Please set down the data word for word; images do not go in the copy.

:::

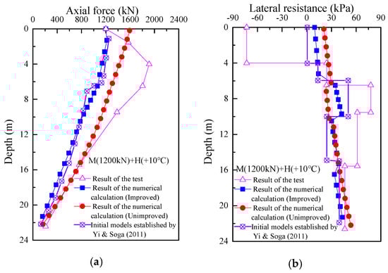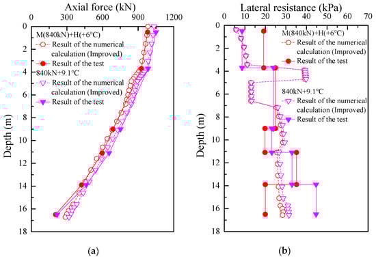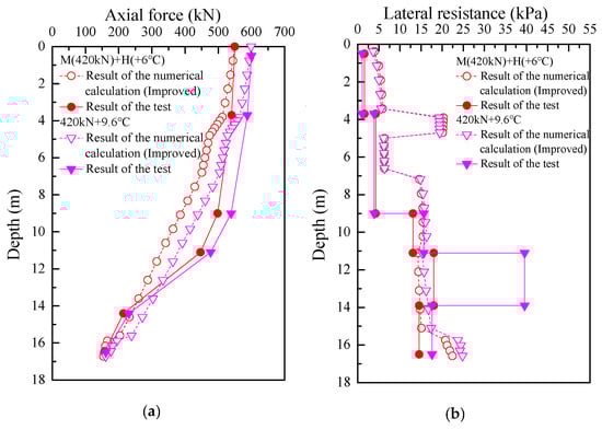 Comparison of the energy pile calculation results of the improved algorithm under different conditions with the actual test values: (a) axial force distribution along the pile; (b) the distribution of lateral resistance along the pile.
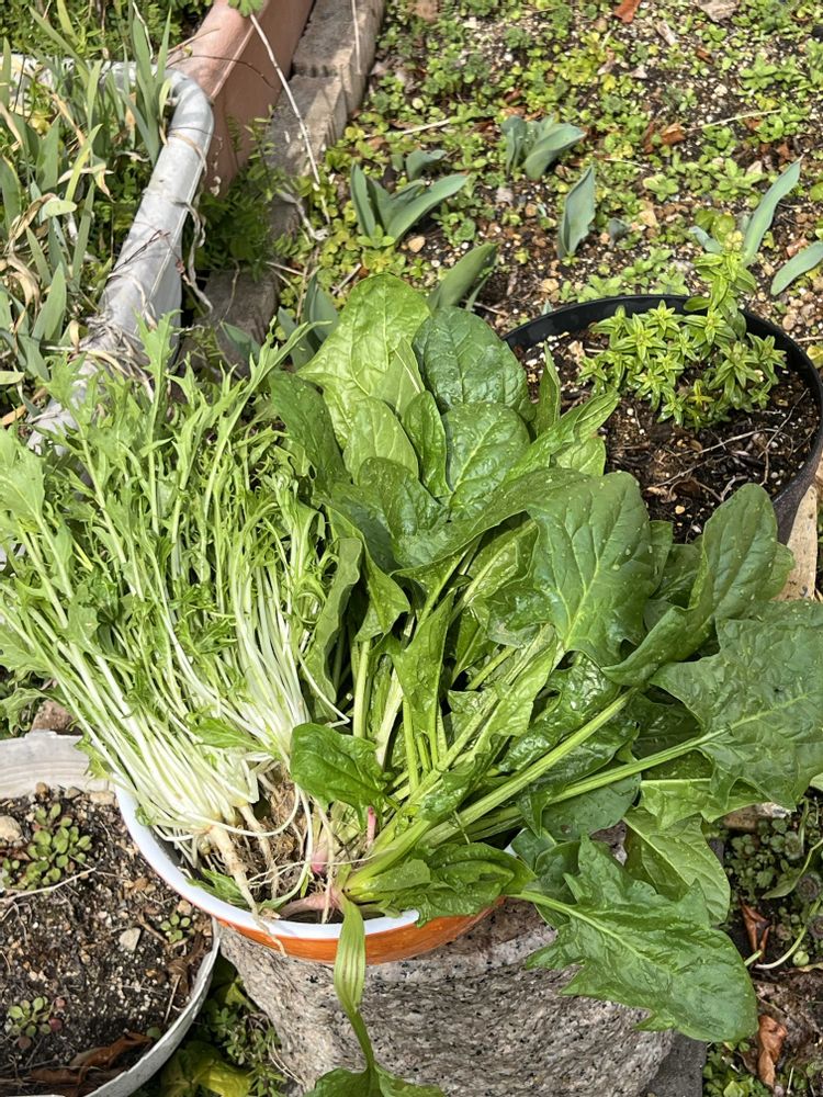 間引き無しで育ったほうれん草と水菜ですが、そこそこ良い出来でした😆
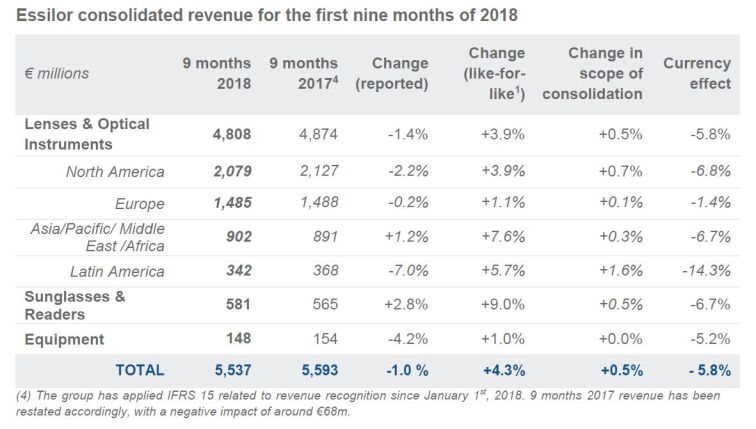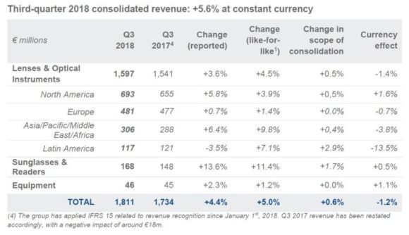 Neben Luxottica präsentierte auch Essilor seine Zahlen für das dritte Quartal. Zum 30. September 2018 betrug der Konzernumsatz von Essilor International 5,537 Mrd. €, währungsbereinigt ein Plus von 4,8%.
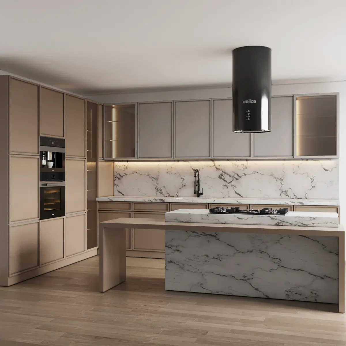 Miele oven(60*60*58)Miele Coffee Maker (45*60*60)Elica island hoodMiele gas hobsink
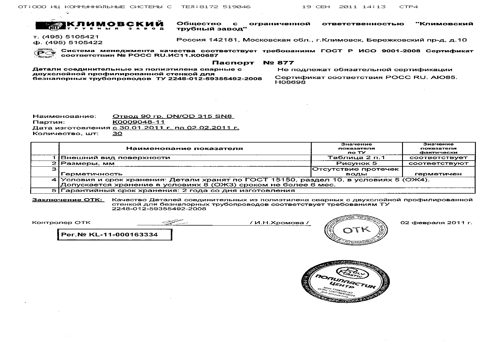 отвод 90* ID по внутреннему диаметру 300мм Корсис
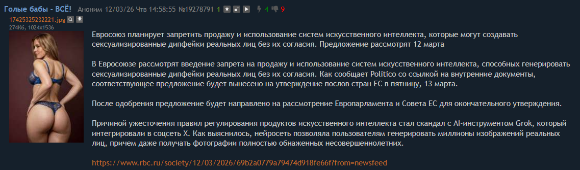 Ну и ещё как мысль - это заблокировали возможно и потому что грок такой пост может определить как сгенерированный а значит и уровень цензуры опустить до уровня загруженных. Это домыслы и догадки. А как проверить я не знаю
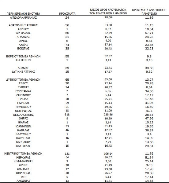 Τα κρούσματα ανά Περιφερειακή Ενότητα:
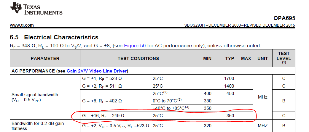 2、数据手册给出的参数:带宽350MHz
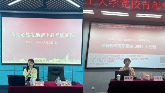 中共二十大代表、中共一大纪念馆宣教部主任杨宇以“从初心始发地踏上赶考新征程”为题,以其作为一线党史宣传者和党的二十大代表的亲历者,号召学员从党的历史中感受非凡伟力、从党的二十大精神实质中书写时代荣光、从新时代党的伟大成就中凝聚奋进力量。中国科学院院士、上海科技大学副校长席南华从数学史、数学的特性、数学的美、数学家、数学的浪漫等多个角度深刻阐释了数学的意义。上海大学教学部副主任顾晓英教授围绕“课程思政高质量建设的上大创新”,引导青年教师要把课程思政作为一项崇高的使命,将课程思政元素溶盐于汤,打造有温度有深度的课程思政。
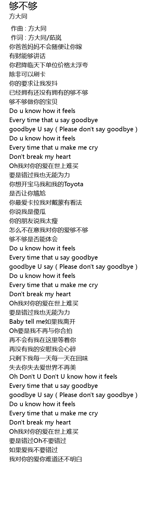 | [00:43.000] | goodbye U say Please don' t say goodbye |
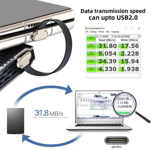 Hi-speed up to 480Mbps for USB Type-C 2.0 Version,Support two-way data transmission at the same time.
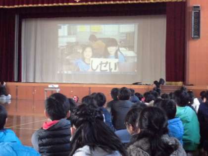 ○健康…給食食器等の返し方の確認と「目玉筋肉マン」の動画(視力低下につながる姿勢についての児童作ビデオ)
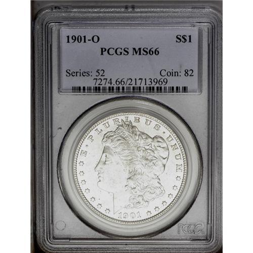 <B>1901-O<img border='0' src='http://www.heritagecoins.com/images/star.gif' width=10 height=10>$1> MS66 PCGS.</B></I> Fully lustrous surfaces are nearly untoned, save for an occasional wisp of light tan color, especially on the reverse. The design elements are adequately struck, and just a few minor marks on the cheek are mentioned for accuracy. The '01-O is significantly less available above the Premium Gem level, as indicated by only three examples having been certified higher (3/06). <BR><BR><B>Important notice:</B> Heritage usually auctions material at the rate of 200-250 lots per hour. On some occasions eBay Live bid software or the Internet may not be able to keep up with the pace of the auction. We recommend placing a realistic absentee bid now as insurance to avoid disappointment. Occasionally the auctioneer may eliminate or reject an eBay Live bid, and the auctioneer may also reopen a lot after the close of the eBay live bidding (usually because we missed an audience bid), and may reject your bid even if it shows you as the winning bidder. By bidding via eBay Live, you agree that Heritage may award the lot to another bidder at its sole discretion under the circumstances described above or any other reasonable circumstances. Since eBay bids are not shown to us until we open the lot on the floor, we treat those bids just like floor bids. In most cases the floor responds before the eBay bid is presented to us, due to Internet lag time, so for consistency we have made it a policy that floor bids are always considered first over tie eBay live bids. Also please note that all Heritage lots purchased through eBay Live carry a 20% Buyer's Premium. Please make sure you read the Terms and Conditions before you bid. This lot is being auctioned in conjunction with a live floor auction by Heritage Galleries & Auctioneers. All final auction and invoice information will be supplied by Heritage Galleries & Auctioneers, and all other information should be considered preliminary. Lot:3761 <BR><BR><B>Winning Notification and Billing:</B> After the FINAL session in this auction is complete, Heritage will send e-mail and snail mail invoices. This process normally takes several days. All final auction and invoice information will be supplied by Heritage Galleries & Auctioneers, and all other information should be considered preliminary. <BR><BR>This auction will be conducted on a live auction floor and over the Internet through eBay Live. If you choose to place an absentee bid, please take a moment to <font color='#0000ff'><u><a href='http://pages.ebay.com/liveauctions/help/before/laabsentee.html'>learn how eBay Live absentee bidding works</a></u></font><font color='#000000'>
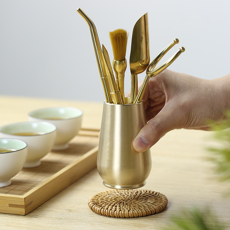 Brass Tea Road Six Monks Set High-end Household Tea Kungfu Tea Clothes Tea Clothes Japanese Tea Ceremony Six Monks Kung Fu Tea Tool
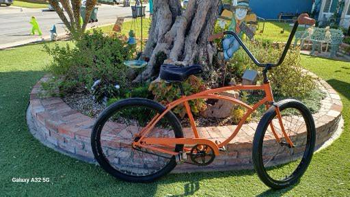 26" Schwinn Vintage Custom Mens Beach Cruiser Made in Chicago 1953, 26" Black Alloy Wheels. 18" Orange Frame. Highrise Handlebars. This Bike looks and rides XLNT. Call Ed cell or
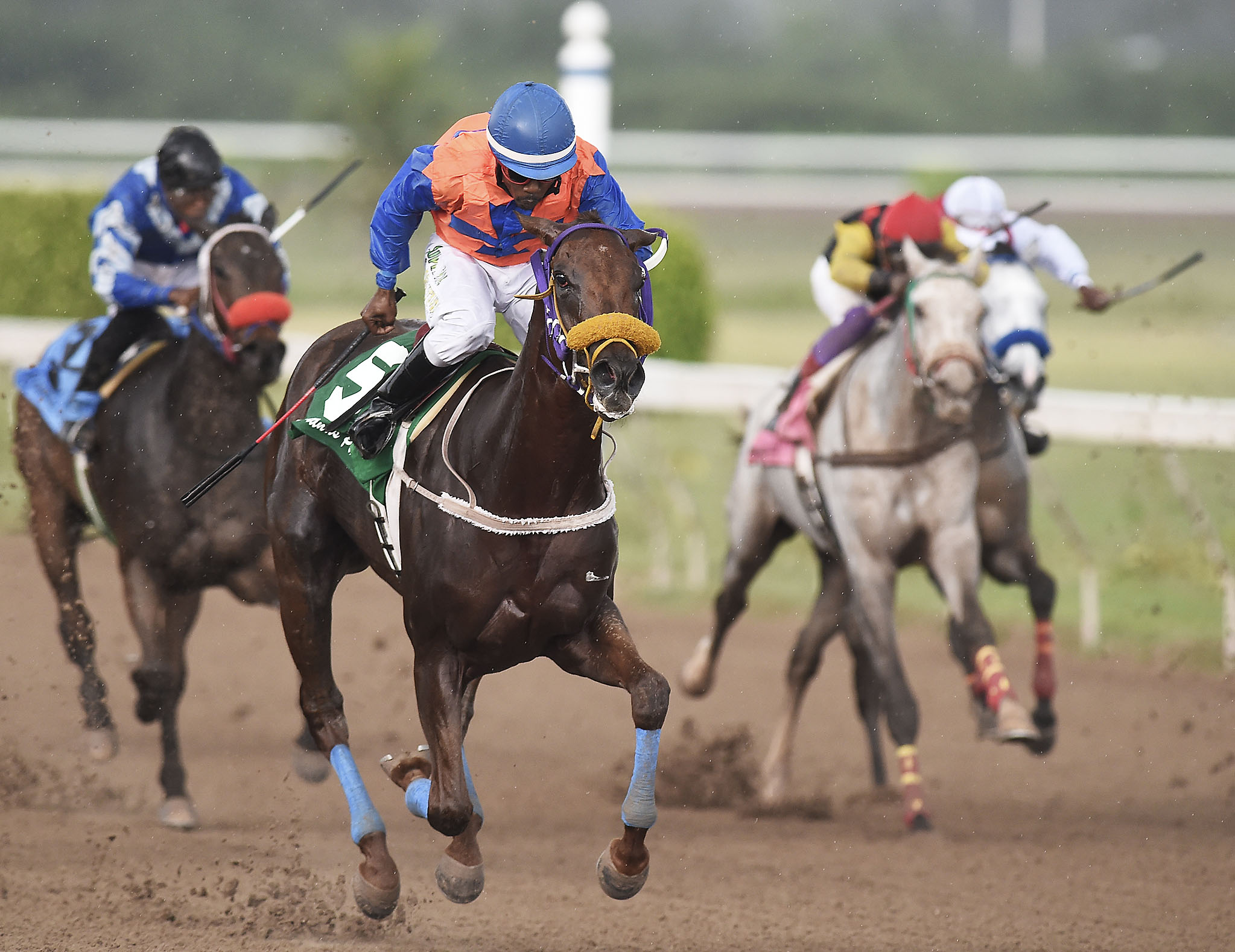 SIR LEYLAND HALL (Dane Nelson) capturing the tenth race at Caymanas Park on December 30.

:::

— REPLY TO THE TASK —
 Comparison of the energy pile calculation results of the improved algorithm under different conditions with the actual test values: (a) axial force distribution along the pile; (b) the distribution of lateral resistance along the pile.
 間引き無しで育ったほうれん草と水菜ですが、そこそこ良い出来でした😆
 Neben Luxottica präsentierte auch Essilor seine Zahlen für das dritte Quartal. Zum 30. September 2018 betrug der Konzernumsatz von Essilor International 5,537 Mrd. €, währungsbereinigt ein Plus von 4,8%.
 Miele oven(60*60*58)Miele Coffee Maker (45*60*60)Elica island hoodMiele gas hobsink
 отвод 90* ID по внутреннему диаметру 300мм Корсис
 Ну и ещё как мысль - это заблокировали возможно и потому что грок такой пост может определить как сгенерированный а значит и уровень цензуры опустить до уровня загруженных. Это домыслы и догадки. А как проверить я не знаю
 Τα κρούσματα ανά Περιφερειακή Ενότητα:
 2、数据手册给出的参数:带宽350MHz
 中共二十大代表、中共一大纪念馆宣教部主任杨宇以“从初心始发地踏上赶考新征程”为题,以其作为一线党史宣传者和党的二十大代表的亲历者,号召学员从党的历史中感受非凡伟力、从党的二十大精神实质中书写时代荣光、从新时代党的伟大成就中凝聚奋进力量。中国科学院院士、上海科技大学副校长席南华从数学史、数学的特性、数学的美、数学家、数学的浪漫等多个角度深刻阐释了数学的意义。上海大学教学部副主任顾晓英教授围绕“课程思政高质量建设的上大创新”,引导青年教师要把课程思政作为一项崇高的使命,将课程思政元素溶盐于汤,打造有温度有深度的课程思政。
 | [00:43.000] | goodbye U say Please don' t say goodbye |
 Hi-speed up to 480Mbps for USB Type-C 2.0 Version,Support two-way data transmission at the same time.
 ○健康…給食食器等の返し方の確認と「目玉筋肉マン」の動画(視力低下につながる姿勢についての児童作ビデオ)
 <B>1901-O<img border='0' src='http://www.heritagecoins.com/images/star.gif' width=10 height=10>$1> MS66 PCGS.</B></I> Fully lustrous surfaces are nearly untoned, save for an occasional wisp of light tan color, especially on the reverse. The design elements are adequately struck, and just a few minor marks on the cheek are mentioned for accuracy. The '01-O is significantly less available above the Premium Gem level, as indicated by only three examples having been certified higher (3/06). <BR><BR><B>Important notice:</B> Heritage usually auctions material at the rate of 200-250 lots per hour. On some occasions eBay Live bid software or the Internet may not be able to keep up with the pace of the auction. We recommend placing a realistic absentee bid now as insurance to avoid disappointment. Occasionally the auctioneer may eliminate or reject an eBay Live bid, and the auctioneer may also reopen a lot after the close of the eBay live bidding (usually because we missed an audience bid), and may reject your bid even if it shows you as the winning bidder. By bidding via eBay Live, you agree that Heritage may award the lot to another bidder at its sole discretion under the circumstances described above or any other reasonable circumstances. Since eBay bids are not shown to us until we open the lot on the floor, we treat those bids just like floor bids. In most cases the floor responds before the eBay bid is presented to us, due to Internet lag time, so for consistency we have made it a policy that floor bids are always considered first over tie eBay live bids. Also please note that all Heritage lots purchased through eBay Live carry a 20% Buyer's Premium. Please make sure you read the Terms and Conditions before you bid. This lot is being auctioned in conjunction with a live floor auction by Heritage Galleries & Auctioneers. All final auction and invoice information will be supplied by Heritage Galleries & Auctioneers, and all other information should be considered preliminary. Lot:3761 <BR><BR><B>Winning Notification and Billing:</B> After the FINAL session in this auction is complete, Heritage will send e-mail and snail mail invoices. This process normally takes several days. All final auction and invoice information will be supplied by Heritage Galleries & Auctioneers, and all other information should be considered preliminary. <BR><BR>This auction will be conducted on a live auction floor and over the Internet through eBay Live. If you choose to place an absentee bid, please take a moment to <font color='#0000ff'><u><a href='http://pages.ebay.com/liveauctions/help/before/laabsentee.html'>learn how eBay Live absentee bidding works</a></u></font><font color='#000000'>
 Brass Tea Road Six Monks Set High-end Household Tea Kungfu Tea Clothes Tea Clothes Japanese Tea Ceremony Six Monks Kung Fu Tea Tool
 26" Schwinn Vintage Custom Mens Beach Cruiser Made in Chicago 1953, 26" Black Alloy Wheels. 18" Orange Frame. Highrise Handlebars. This Bike looks and rides XLNT. Call Ed cell or
 SIR LEYLAND HALL (Dane Nelson) capturing the tenth race at Caymanas Park on December 30.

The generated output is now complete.